> [Input material]
* * * *
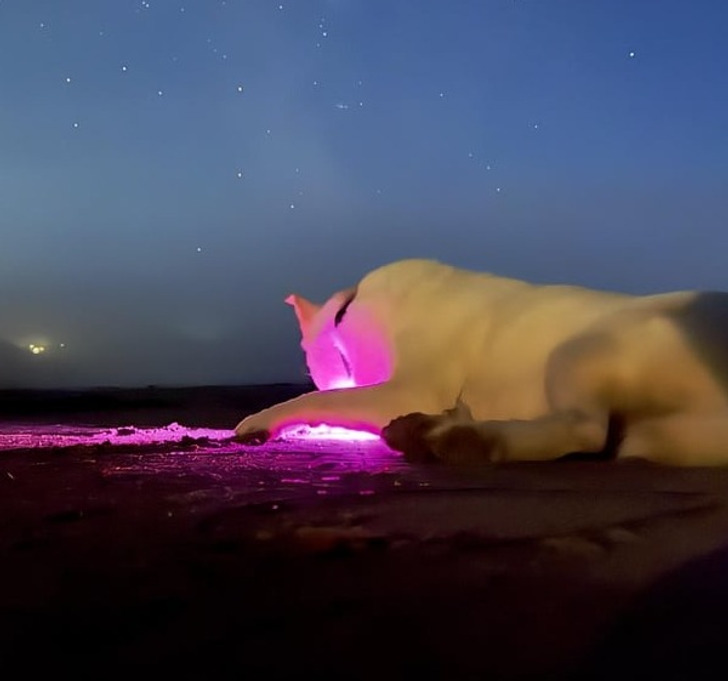 «Просто моя собака на пляже со своим светящимся ошейником»
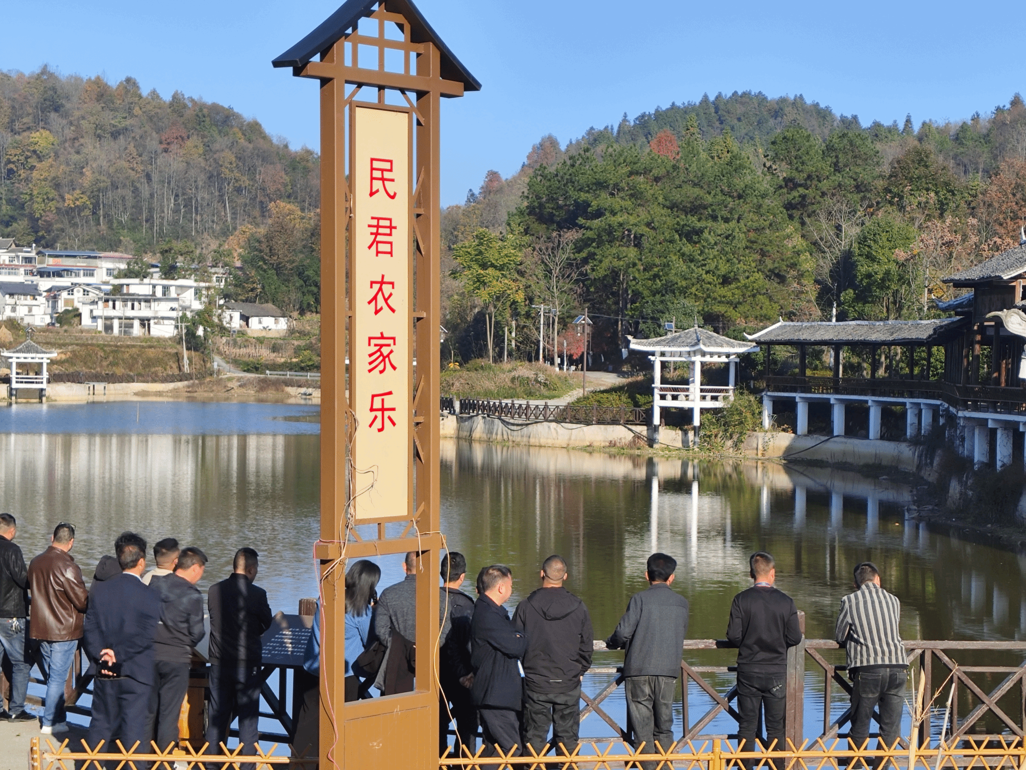 最后,大家来到位于万山区高楼坪乡青年湖村的黄家寨,学习黄家寨的优良治理理念。青年湖村黄家寨以“四在农家·和美乡村”建设为载体,抢抓“强村富民”三年行动机遇,借力“莞铜协作”,不断强化基础设施配套、优化特色产业链条、深化农旅融合内涵,充分发挥山水田园优势,推出农家乐、休闲垂钓等休闲避暑娱乐产品,将美丽乡村和生态旅游相结合,做活“山水”文章,做优“生态”文章,擦亮了“水墨黄家寨”乡村文旅名片,走出一条“党建强、产业兴、生态美、治理优、百姓富、乡风淳”的乡村振兴蝶变之路。大家通过参观学习,体验到必须结合自己乡村优势,打造属于自己的乡村旅游品牌.
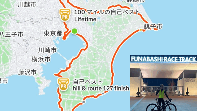 バイクを車に積んで千葉へ向かい、スタート&ゴールは「船橋」に設定。
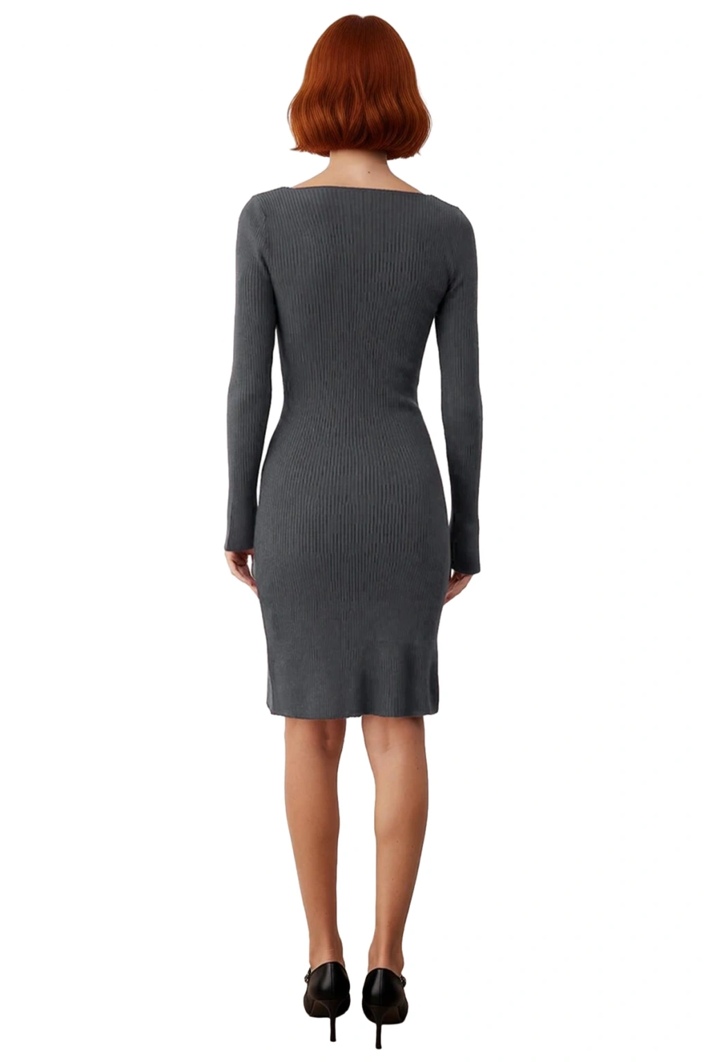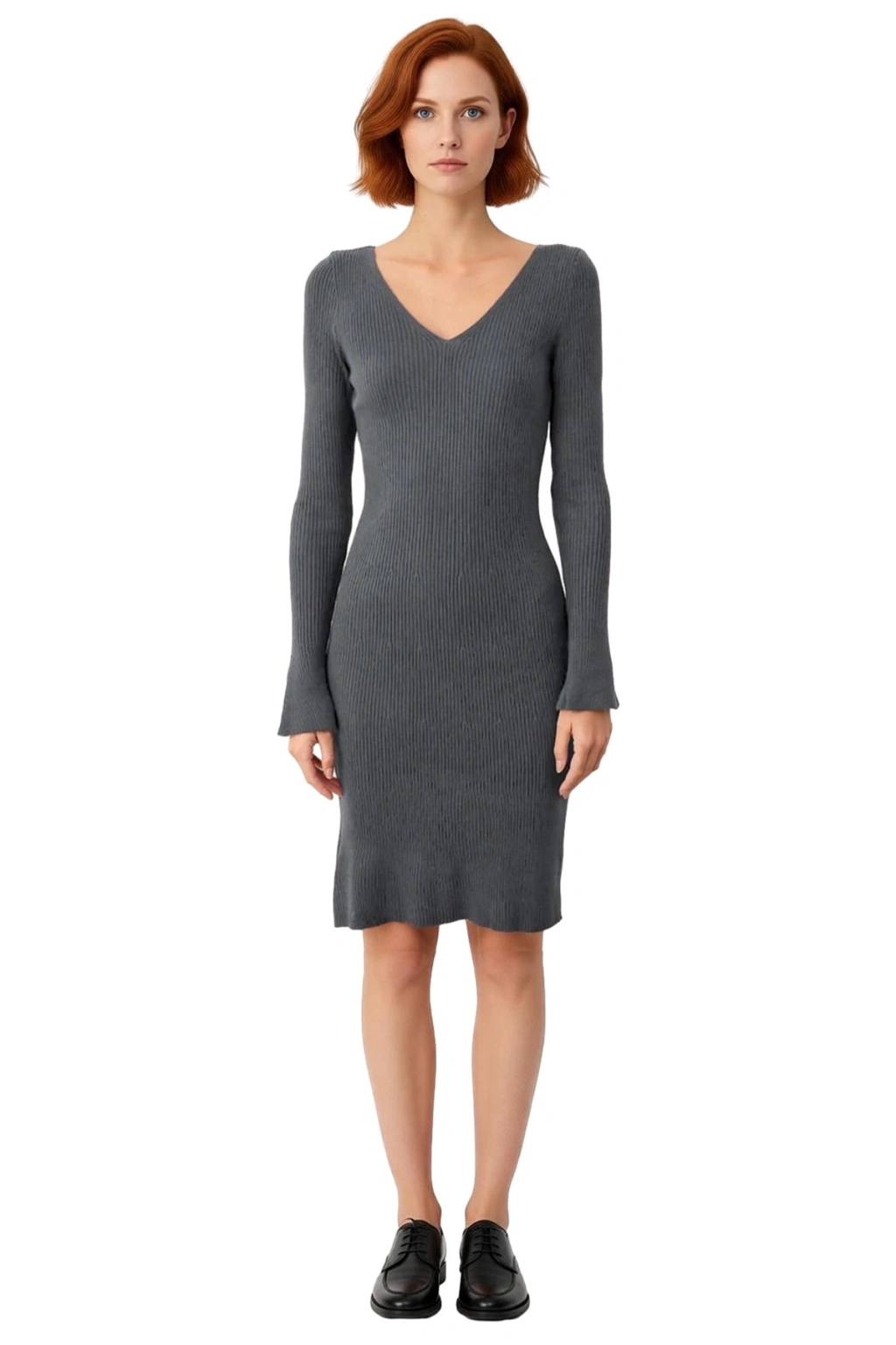 Ürün Özellikleri: Bodycon kalıp, akrilik materyal, düz desen, V yaka, standart kol, triko kumaş, gri renk.
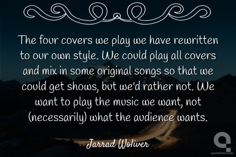 The four covers we play we have rewritten to our own style. We could play all covers and mix in some original songs so that we could get shows, but we'd rather not. We want to play the music we want, not (necessarily) what the audience wants.
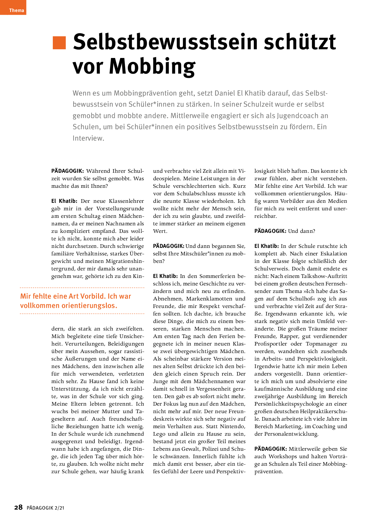 Wenn es um Mobbingprävention geht, setzt Daniel El Khatib darauf, das Selbstbewusstsein von Schüler*innen zu stärken. In seiner Schulzeit wurde er selbst gemobbt und mobbte andere. Mittlerweile engagiert er sich als Jugendcoach an Schulen, um bei Schüler*innen ein positives Selbstbewusstsein zu fördern. Ein Interview.
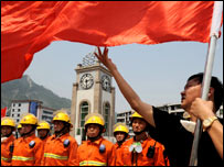 स्थानीय अधिकारी राहतकर्मियों की मारे जाने की बात तो स्वीकार कर रहे हैं लेकिन उन्होंने कोई संख्या नहीं बताई है. शिन्हुआ समाचार एजेंसी ने एक परिवहन मंत्रालय के अधिकारी के हवाले से बताया है कि ये राहतकर्मी सड़कों की मरम्मत कर रहे थे. अभी भी कई इलाक़ों में भूकंप के झटके महसूस किए जा रहे हैं. इस कारण राहतकार्यों पर असर पड़ रहा है. रविवार को सिचुआन प्रांत के मियायांग काउंटी में आए भूकंप में तीन लोगों की मौत हो गई और एक हज़ार से ज़्यादा घायल हो गए. सिचुआन प्रांत में हो रही लगातार बारिश के कारण बाढ़ का ख़तरा पैदा हो गया है और ज़मीन धँसने की आशंका भी व्यक्त की जा रही है. अब राहत कार्यों में सारा ध्यान खाना उपलब्ध कराना, चिकित्सा सेवा और प्रभावित लोगों के लिए रहने का प्रबंध करने पर है. | इससे जुड़ी ख़बरें चीन में तीन दिनों के शोक की घोषणा18 मई, 2008 | पहला पन्ना चीन में राहत कार्यों में तेज़ी आई18 मई, 2008 | पहला पन्ना अफ़रा-तफ़री के बाद बचाव कार्य शुरू17 मई, 2008 | पहला पन्ना भूकंप के कारण 50 लाख लोग बेघर16 मई, 2008 | पहला पन्ना चीन में मृतक संख्या '50 हज़ार'15 मई, 2008 | पहला पन्ना चीन में मृतक संख्या 15 हज़ार14 मई, 2008 | पहला पन्ना चीन में हज़ारों हताहत, राहत कार्यों में कुछ तेज़ी13 मई, 2008 | पहला पन्ना तबाही का मंजर: आंखों देखा हाल..13 मई, 2008 | पहला पन्ना | |||||||||||||||||||||||||||||||||||||||||||||||||||||||||||||||||||||||||||||||||||||||||||||
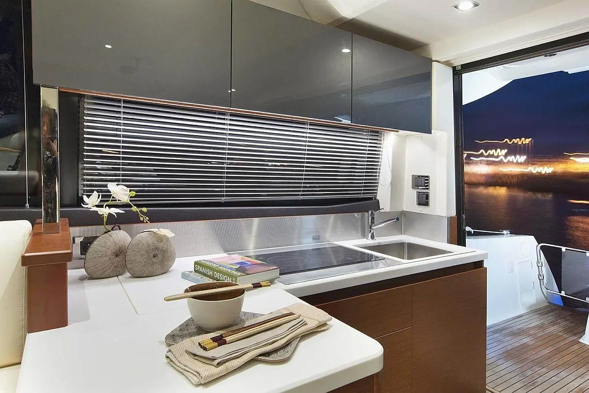 Teak paluba, Hladilnik, Flybridge, Wi-Fi in internet, Generator, Klima, Pomivalni stroj, Aparat za kavo
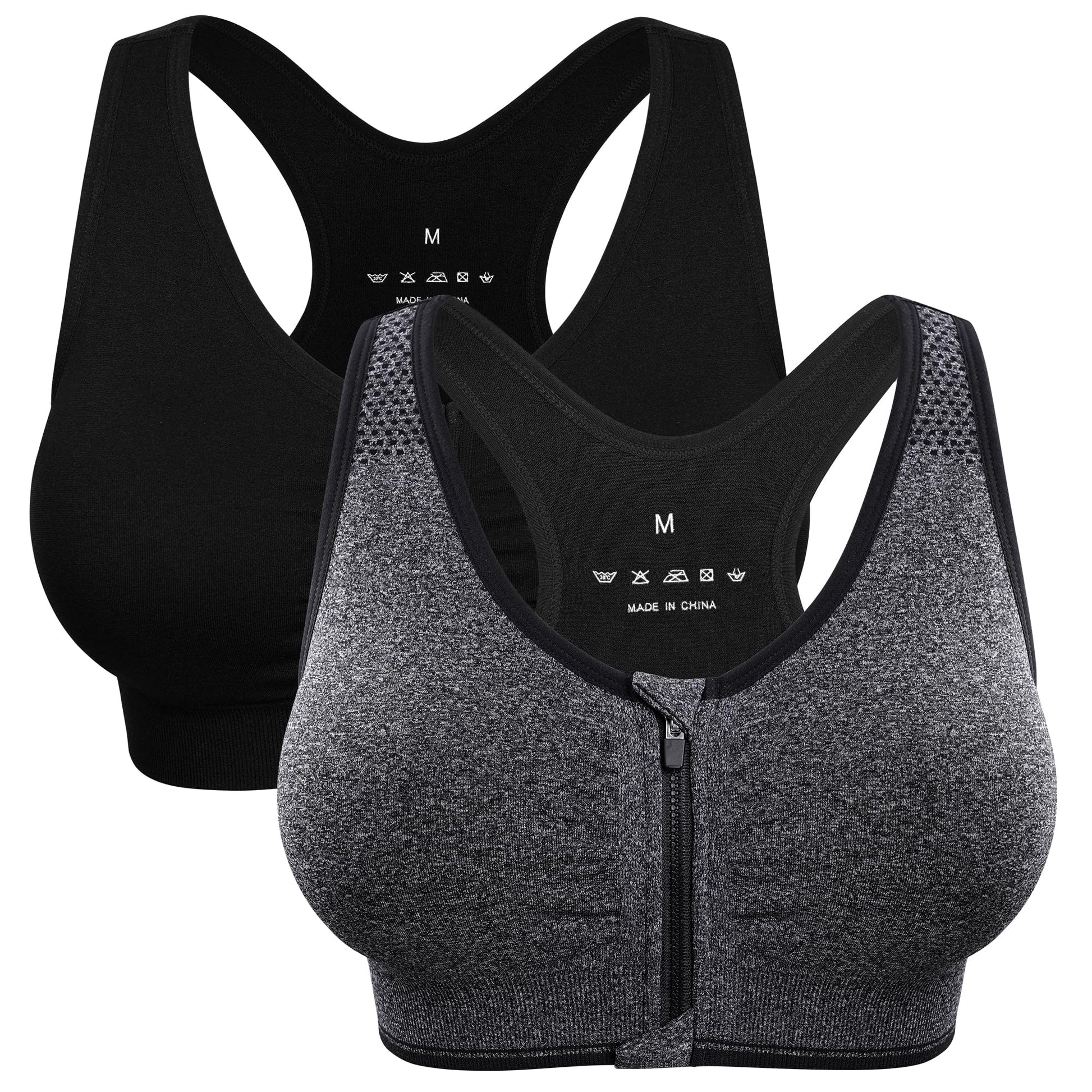 Women's Zip Front Sports Bra - Wireless, Padded, Post-Surgery, Racerback, Workout & Yoga Bra Top 2 Pack
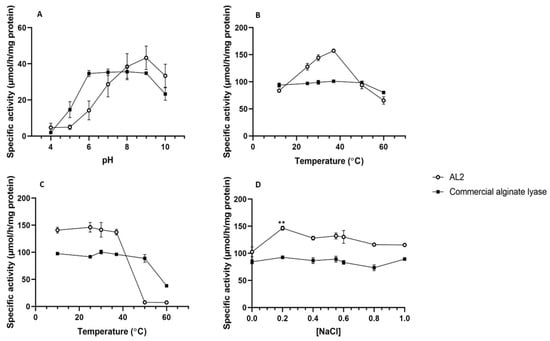 Biochemical characterisation of Flammeovirga sp. AL2 and a commercial alginate lyase regarding their optimum pH (A), temperature (B), thermal stability (C), and effect of NaCl concentration (D). Data points represent mean values ± SD (n = 3). ** denotes significant differences (p < 0.05) from the 0 M NaCl sample.
* * * *
> [The problem] Beginning with the first line of the records above, extract each line exactly through the line that holds "バイクを車に積んで千葉へ向かい、スタート&ゴールは「船橋」に設定。", both ends included. Omit pictures.

> [Output below]
 «Просто моя собака на пляже со своим светящимся ошейником»
 最后,大家来到位于万山区高楼坪乡青年湖村的黄家寨,学习黄家寨的优良治理理念。青年湖村黄家寨以“四在农家·和美乡村”建设为载体,抢抓“强村富民”三年行动机遇,借力“莞铜协作”,不断强化基础设施配套、优化特色产业链条、深化农旅融合内涵,充分发挥山水田园优势,推出农家乐、休闲垂钓等休闲避暑娱乐产品,将美丽乡村和生态旅游相结合,做活“山水”文章,做优“生态”文章,擦亮了“水墨黄家寨”乡村文旅名片,走出一条“党建强、产业兴、生态美、治理优、百姓富、乡风淳”的乡村振兴蝶变之路。大家通过参观学习,体验到必须结合自己乡村优势,打造属于自己的乡村旅游品牌.
 バイクを車に積んで千葉へ向かい、スタート&ゴールは「船橋」に設定。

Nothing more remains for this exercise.